Les lèvres de sa mère se pincèrent. Son père semblait sur le point d'exploser. Mais sous leur colère se cachait quelque chose de nouveau : l'incertitude.
Car le scénario était au point mort.
Nora aurait dû pleurer, négocier, peut-être protester, mais finalement céder. Elle n'aurait pas dû soulever de problèmes logistiques ni poser de limites. Elle n'aurait pas dû avoir le choix.
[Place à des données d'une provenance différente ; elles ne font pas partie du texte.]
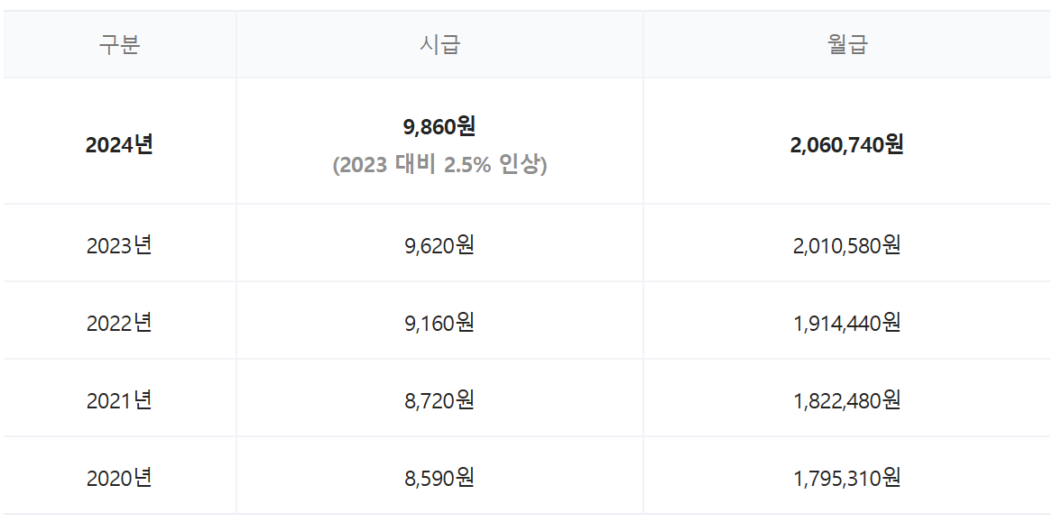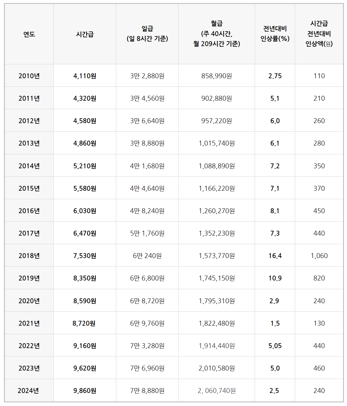 2025 최저임금 최저시급 1.7% 인상 결정되면서 최저시급은 10,030원, 일급은 80,240원, 월급은 2,096,270원, 연봉은 최저임금 기준으로 25,155,240원입니다.
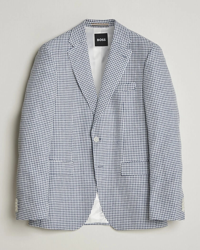 BOSS BLACK Hutson Linen/Cotton Houndstooth Blazer Open Blue
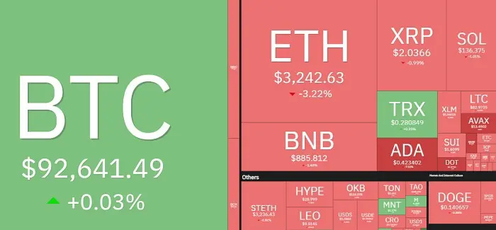 比特币徘徊于92000美元…山寨币温差明显
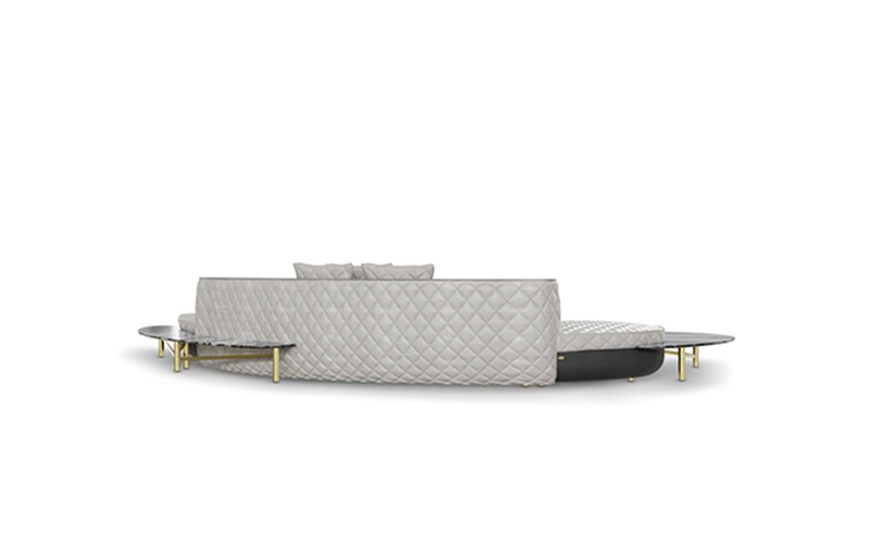 Senzu is a brand-new upholstery piece designed to epitomize the ultimate expression of comfort, functionality, and luxury. This modern sofa made of leather highlights a rounder form with a neutral color scheme. In one of its extremities, Senzu presents an integrated side table completed with a Kenya black marble top and a stainless steel base that grants a new dimension to the concept of the living room sofa.
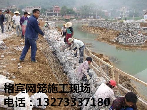 六角网组装成箱笼状,在工程现场向箱笼内填充一定规格的,满足一定要求的石料,以形成自透水的、柔性的、生态的防护结构。
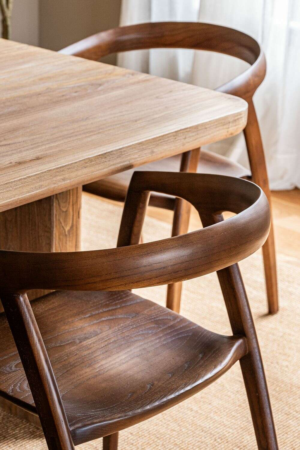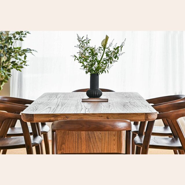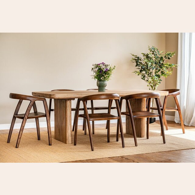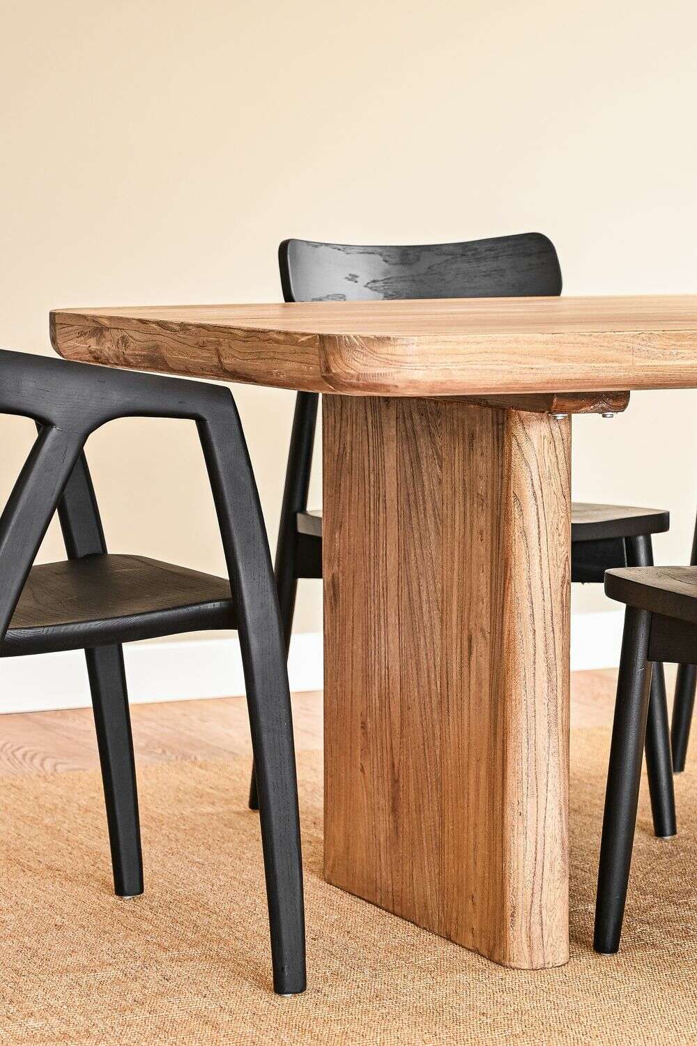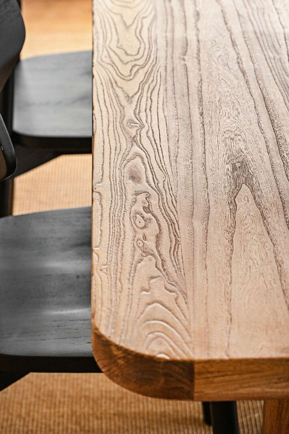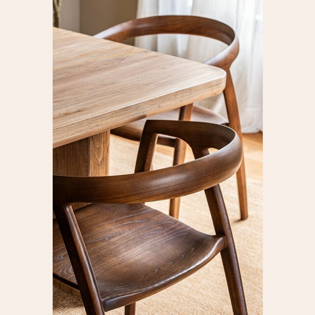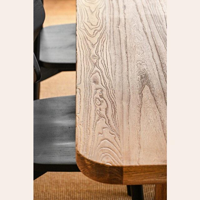 Mesa de comedor para 6 u 8 personas en madera de olmo antiguo recuperado con doble grosor en patas y tapa, en terminaciones curvas y redondeadas.
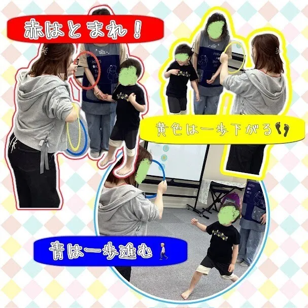 この遊びでは聞いた指示に従って動く、指示を覚えて継続することを目標に支援をしています。
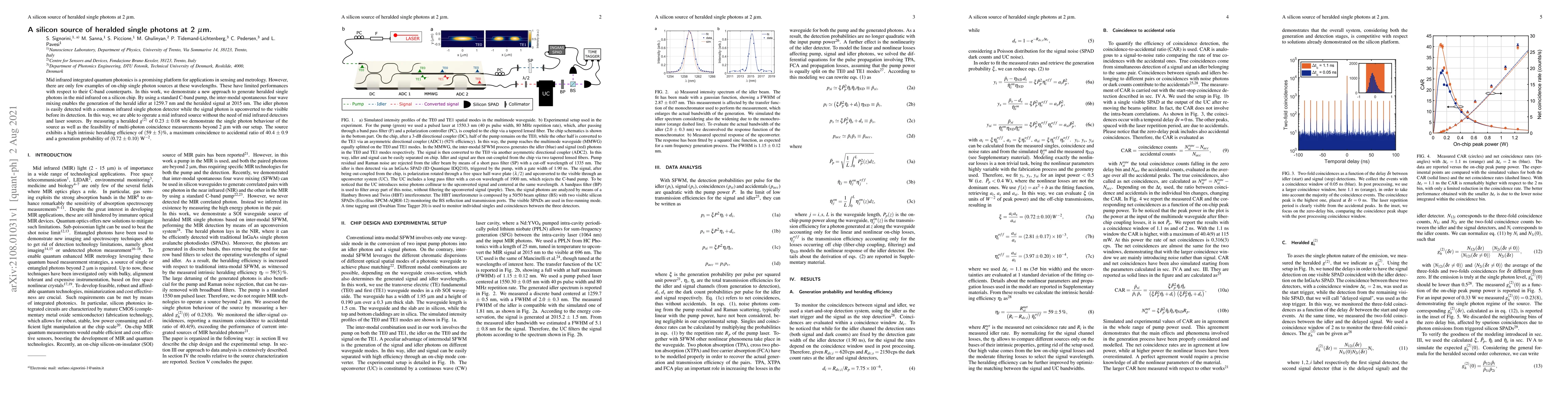 Mid infrared integrated quantum photonics is a promising platform for applications in sensing and metrology. However, there are only few examples of on-chip single photon sources at these wavelengths. These have limited performances with respect to their C-band counterparts. In this work, we demonstrate a new approach to generate heralded single photons in the mid infrared on a silicon chip. By using a standard C-band pump, the inter-modal spontaneous four wave mixing enables the generation of the herald idler at 1259.7 nm and the heralded signal at 2015 nm. The idler photon is easily detected with a common infrared single photon detector while the signal photon is upconverted to the visible before its detection. In this way, we are able to operate a mid infrared source without the need of mid infrared detectors and laser sources. By measuring a heralded $g^{(2)}$ of $0.23 \, \pm \, 0.08$ we demonstrate the single photon behaviour of the source as well as the feasibility of multi-photon coincidence measurements beyond 2 $\mu$m with our setup. The source exhibits a high intrinsic heralding efficiency of $(59 \, \pm \,5)\%$, a maximum coincidence to accidental ratio of $40.4 \, \pm \, 0.9$ and a generation probability of $\left( 0.72 \, \pm \, 0.10 \right)$ W$^{-2}$.
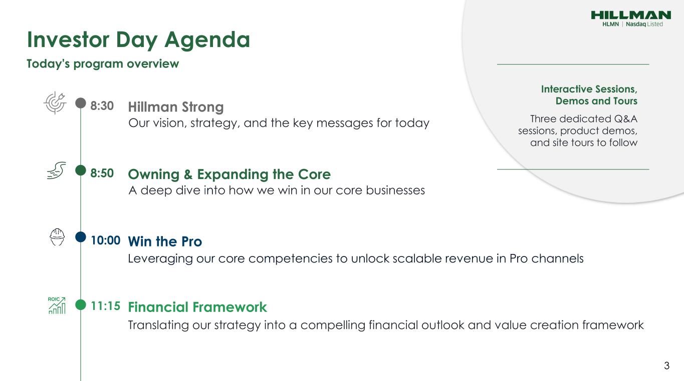 #26673F #102F93 #279A56 #4EA72E#239FFF #0E2841 #279A56 #4EA72E Investor Day Agenda Hillman Strong Our vision, strategy, and the key messages for today Owning & Expanding the Core A deep dive into how we win in our core businesses Win the Pro Leveraging our core competencies to unlock scalable revenue in Pro channels Financial Framework Translating our strategy into a compelling financial outlook and value creation framework 8:30 8:50 10:00 11:15 Interactive Sessions, Demos and Tours Three dedicated Q&A sessions, product demos, and site tours to follow Today's program overview text 3
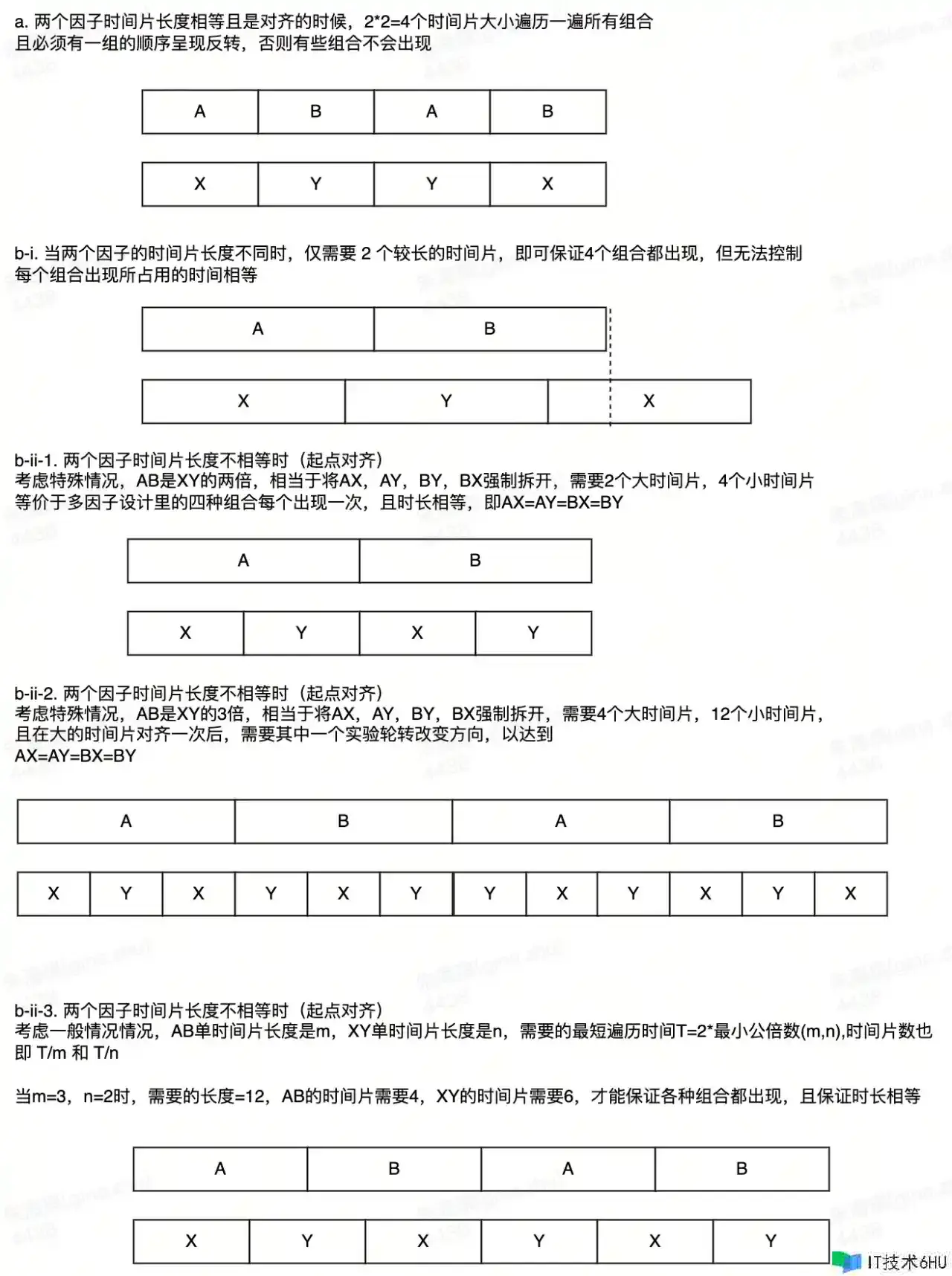 时刻片嵌套试验,存在2大试验规划变量时刻片长度的选取(5分钟,30分钟,1小时等等),试验次序的规划(随机次序,固定次序)。
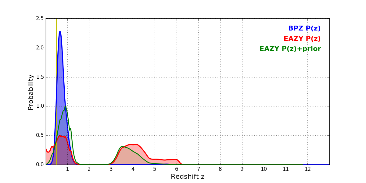 In P(z) plots: Yellow lines mark the cluster redshift z = 0.505,

Et elle n'aurait certainement pas dû les abandonner dans l'allée avec une camionnette pleine de meubles et aucun endroit où les entreposer.
Dans la camionnette, la vieille horloge de sa mère tomba et s'écrasa contre un carton dans un bruit sourd. Denise, surprise, se précipita pour voir ce qui se passait. Ronald resta où il était.
« Ce n'est pas encore fini », dit-il doucement.
Nora prit le dernier sac de voyage sur le perron. « Celui-là, c'est pour aujourd'hui.»
Elle se dirigea vers sa voiture, ouvrit le coffre et y déposa le sac. Ses mains étaient désormais fermes. Plus que fermes : légères.
Puis son père dit quelque chose qu'il n'aurait absolument pas dû dire. « Si ta sœur répond avant toi, on saura peut-être enfin laquelle de nos filles a encore un cœur. »
Nora se retourna, les regarda toutes les deux et vit la vérité si clairement que ce fut presque un soulagement.
« Elles peuvent rester avec la fille que tu as choisie », dit-elle.
Puis elle monta dans la voiture et s'éloigna, les laissant derrière elle devant une maison vide, une camionnette pleine à craquer et les conséquences auxquelles ils l'avaient habituée depuis des années.
Ce qu'elle ignorait encore, c'est que Lily cesserait de répondre à leurs appels au coucher du soleil et que ses parents viendraient la chercher.
Partie 3
Nora passa sa première soirée au studio, les jambes croisées par terre, à manger des nouilles à emporter directement dans l'emballage, car elle n'avait pas encore déballé les assiettes. La pièce était si petite qu'elle pouvait toucher les deux murs en tendant les bras. Le réfrigérateur bourdonnait bruyamment. La lumière de la salle de bain vacilla un instant avant de se stabiliser. Ce n'était ni glamour, ni permanent, et rien à voir avec ce qu'elle avait imaginé à trente-huit ans.
Mais c'était paisible.
Personne d'autre n'avait de clé. Personne ne s'attendait à ce qu'elle finance leurs erreurs avant même qu'elle ait posé son sac. Personne ne l'attendait dans une autre pièce pour lui dire que le devoir primait sur le choix.
À 20 h 12, son téléphone se mit à sonner.
D'abord sa mère. Puis son père. Puis les deux à plusieurs reprises. Et enfin Lily.
Nora fixa l'écran jusqu'à ce que la sonnerie s'arrête.
Une minute plus tard, un message de Lily apparut : « Ne m'implique pas là-dedans. Je ne peux pas les avoir à la boulangerie. Il y a des clients.»
Nora le lut deux fois et laissa échapper un rire sec.
Voilà : toute la dynamique familiale résumée en une phrase. Lily pouvait tout obtenir sans le moindre problème. Nora, elle, ne pouvait rien obtenir et devait malgré tout gérer la crise.
Elle reposa son téléphone, écran vers le bas.
Le lendemain matin, les appels reprirent, mais le ton avait changé. Moins de colère. Plus de pression.
Sa mère lui laissa un message vocal où elle pleurait à propos des motels, de son mal de dos et de son humiliation. Son père lui envoya un SMS disant qu'elle avait « fait passer son message » et qu'elle devait arrêter son cinéma. Lily n'envoya rien d'autre.
Nora alla travailler.
Cela la surprit plus que tout.
La vie continua son cours.
Elle répondit à ses courriels, assista à des réunions et but un café imbuvable au bureau, s'attendant à un profond sentiment de culpabilité.
Mais il n'en fut rien.
À la place, elle ressentit une stabilité douce et grandissante.
À l'heure du déjeuner, elle appela le conseiller municipal en logement – non pas pour se sentir responsable, mais pour confirmer que les fonds étaient bien disponibles.
Ils l'étaient.
Logements temporaires pour personnes âgées. Conseils financiers. Évaluation des prestations.
Ses parents n'étaient pas impuissants. Ils étaient simplement en colère que l'aide soit arrivée sans que Nora soit sous contrôle.